Już od pierwszych minut swoje okazje kreowały oba zespoły. Najpierw po dośrodkowaniu z rzutu rożnego i strzale głową piłka minęła słupek bramki Pāvelsa Šteinborsa. Po kilku sekundach gorąco było pod bramką Krzysztofa Kamińskiego, ale strzał Kacpra Tabisia trafił w słupek. W 6. minucie dośrodkowywać próbował Rafał Wolski, ale piłka trafiła wprost w ręce bramkarza Jagi. W 13. minucie przed świetną szansą w polu karnym stanął Łukasz Sekulski, ale piłkę z nogi wybił mu obrońca gości. W 15. minucie strzałem sprzed pola karnego próbował zaskoczyć Taras Romanczuk, ale z drobnymi problemami wybronił to bramkarz Nafciarzy. Następnie z szybką kontrą wyszli zawodnicy trenera Macieja Bartoszka, ale Šteinbors zdołał zablokować strzał Jakuba Rzeźniczaka.
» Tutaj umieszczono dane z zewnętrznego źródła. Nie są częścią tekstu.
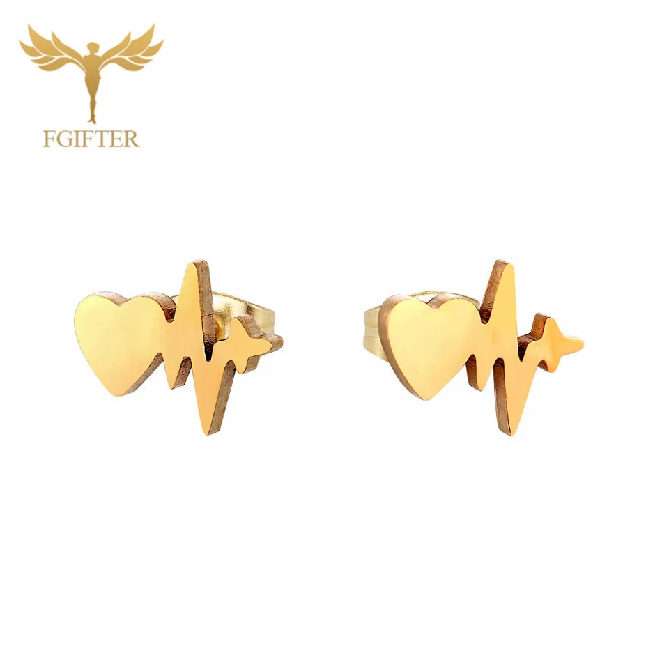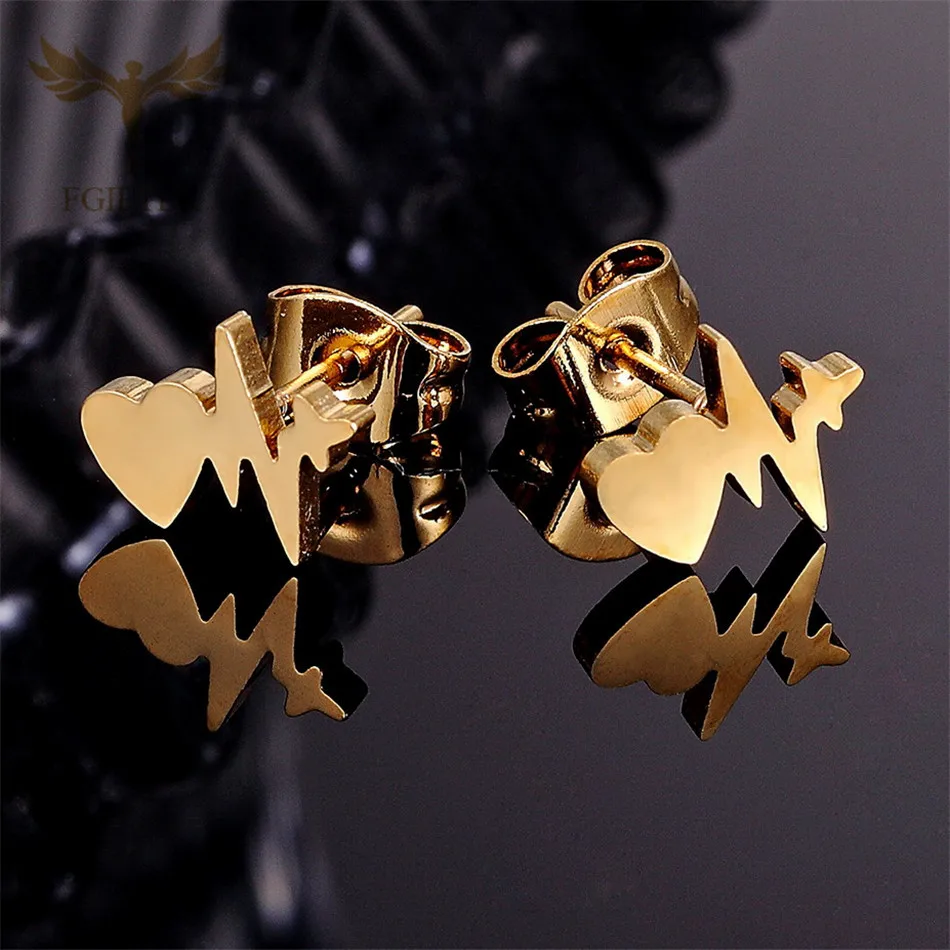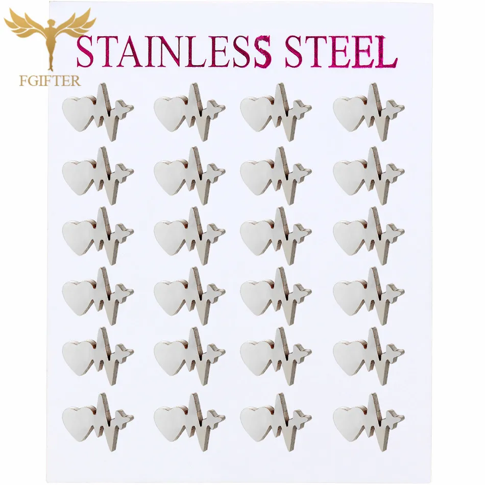 сережки сердечки Романтический ЭКГ сердце серьги-гвоздики оптом 12 пар один набор серьги из нержавеющей стали ювелирные изделия пирсинг серьги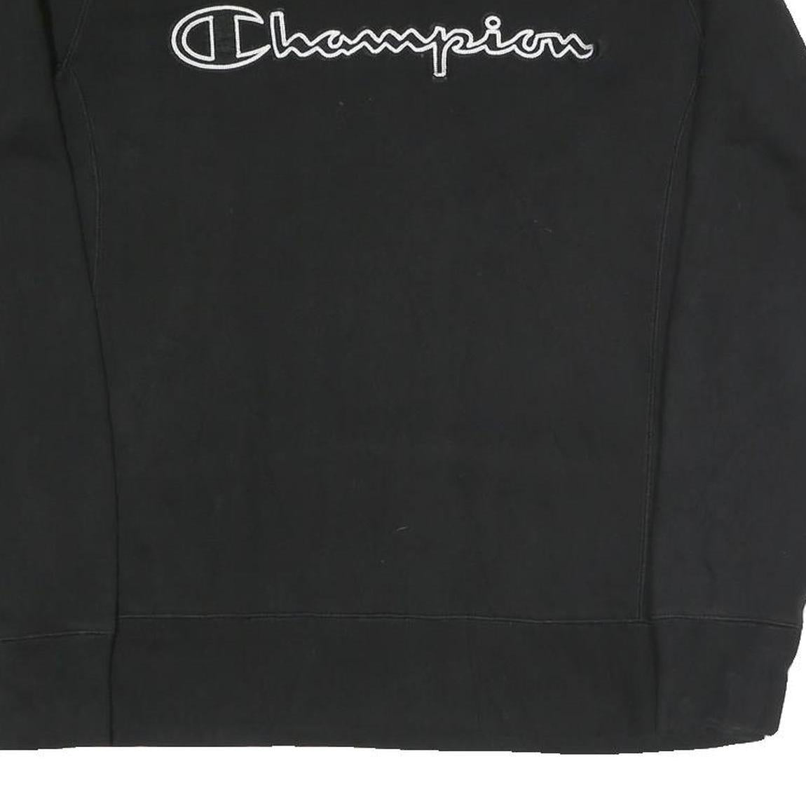 This Champion sweatshirt features a classic black colour with the brand name embroidered prominently across the chest in white and black outlined stitching. The fabric is a soft cotton blend providing a comfortable and breathable feel suitable for everyday casual wear. It has a traditional crew neck design with raglan long sleeves adding ease of movement.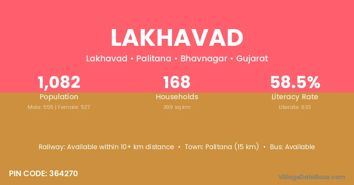 Palitana (15 km) is the nearest town to Lakhavad village for major economic activities and is located approximately 15 km away.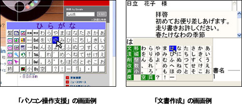 スクリーン上に表示された文字盤により、マウスを使って文字入力することができるため、キーボード操作が苦手な方も、簡単に文字入力を行えます。 |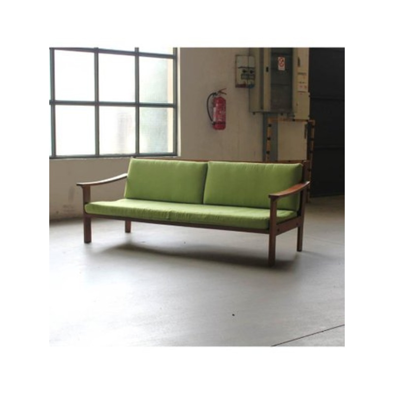 Type Green patio sofa (3 seater) Dating 1970-79 Model 3 seater Origin Italy Materials Teak, Cotton Width 168 cm Depth 85 cm Height 70 cm Seat Height 33 cm Design Period 1970 to 1979 Production Period 1970 to 1979 Style Vintage Detailed Condition Very Good
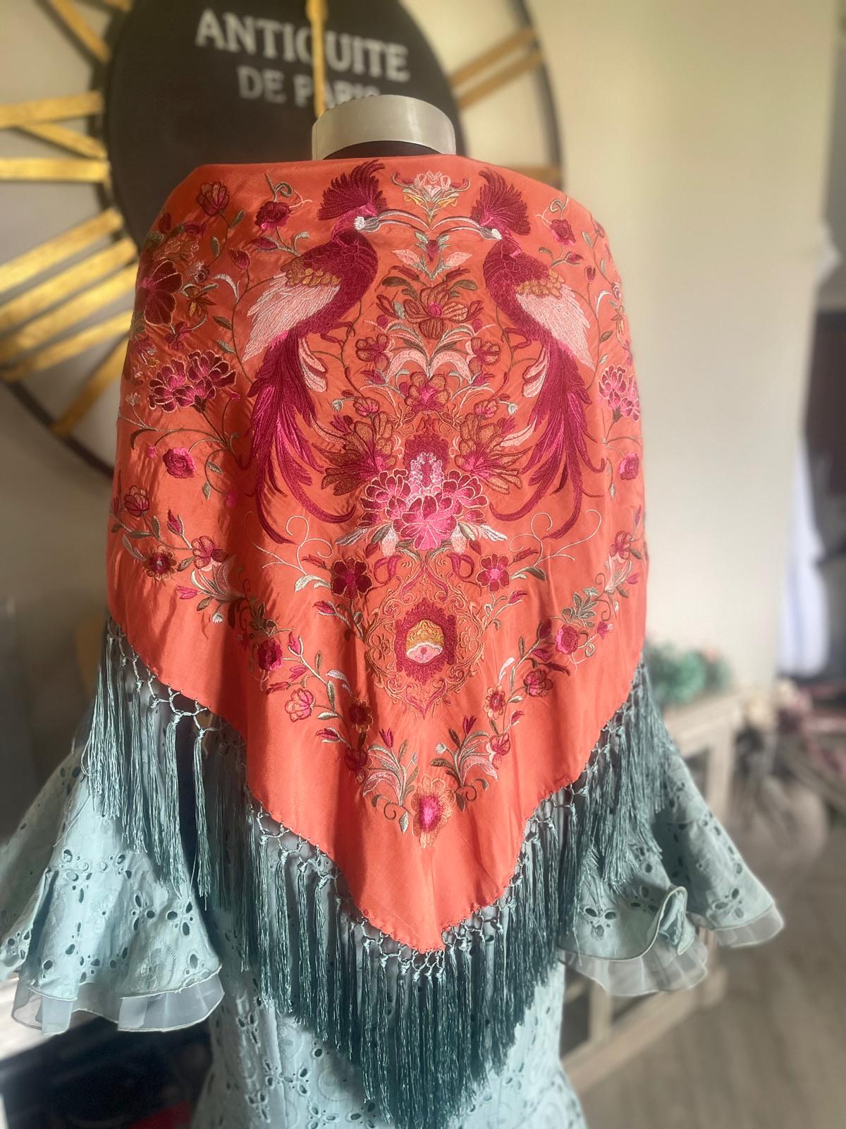 MANTON COLECCION PAJAROS, COLOR TERRACOTA ,CON BORDADOS VIBRANTES .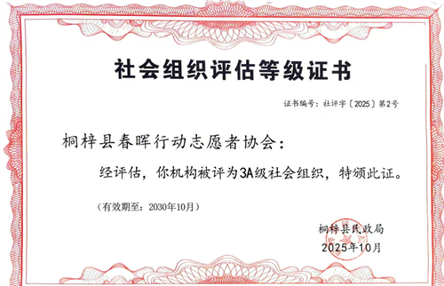 中國(guó)新報(bào)訊((特約記者 謝澤龍)近日,桐梓縣民政局為桐梓縣春暉行動(dòng)志愿者協(xié)會(huì)頒發(fā)匾牌,獲評(píng)遵義市桐梓縣社會(huì)組織評(píng)估AAA級(jí)社會(huì)組織。桐梓縣春暉行動(dòng)志愿者協(xié)會(huì)憑借規(guī)范的內(nèi)部管理、豐富的公益實(shí)踐和突出的社會(huì)貢獻(xiàn),經(jīng)過(guò)嚴(yán)格的評(píng)估審核,成功獲評(píng)桐梓縣 AAA 級(jí)社會(huì)組織,這是對(duì)協(xié)會(huì)多年來(lái)深耕志愿服務(wù)領(lǐng)域、踐行公益初心的高度認(rèn)可。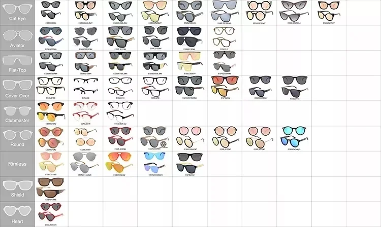 Such as round, rectangular, oval, steampunk, aviator, sporty, double bridge,oversized,vintage etc.

W 18. minucie lekkie uderzenie po dośrodkowaniu z rzutu rożnego wyłapał Kamiński i natychmiast posłał długą piłkę do niepilnowanego Wolskiego, jednak cały zespół żółto-czarnych zdołał szybko wrócić do obrony. W 24. minucie aktywny Kacper Tabiś przedryblował obrońcę gospodarzy i oddał strzał na bramkę. Jednak lekkie uderzenie nie sprawiło problemów Kamińskiemu. Po chwili ładnym prostopadłym podaniem za obrońców uruchomił Sekulskiego Damian Rasak, ale napastnik Wisły nie zdołał dobiec do futbolówki. W 29. minucie zamieszanie w polu karnym Jagielloni. Minimalnie z dośrodkowaniem minął się Sekulski, a silnym strzałem zakończył akcję Damian Rasak, ale futbolówka przeleciała minimalnie nad poprzeczką. Niestety, ale po nieco ponad pół godziny gry z boiska musiał zejść Wolski. Kontakt z piłkarzem gości spowodował, że nasz ofensywny pomocnik długo nie mógł podnieść się z murawy. W jego miejsce na boisku zameldował się Dominik Furman, który powrócił do składu po 3 meczach zawieszenia. 29-latek przeciwko drużynie dowodzonej przez Romanczuka z pewnością miał coś do udowodnienia. Do końca pierwszej połowy żadna z drużyn nie zdołała, mimo kilku prób, zdobyć bramki i po wyrównanych 45 minutach sędzia Lasyk zakończył pierwszą część spotkania.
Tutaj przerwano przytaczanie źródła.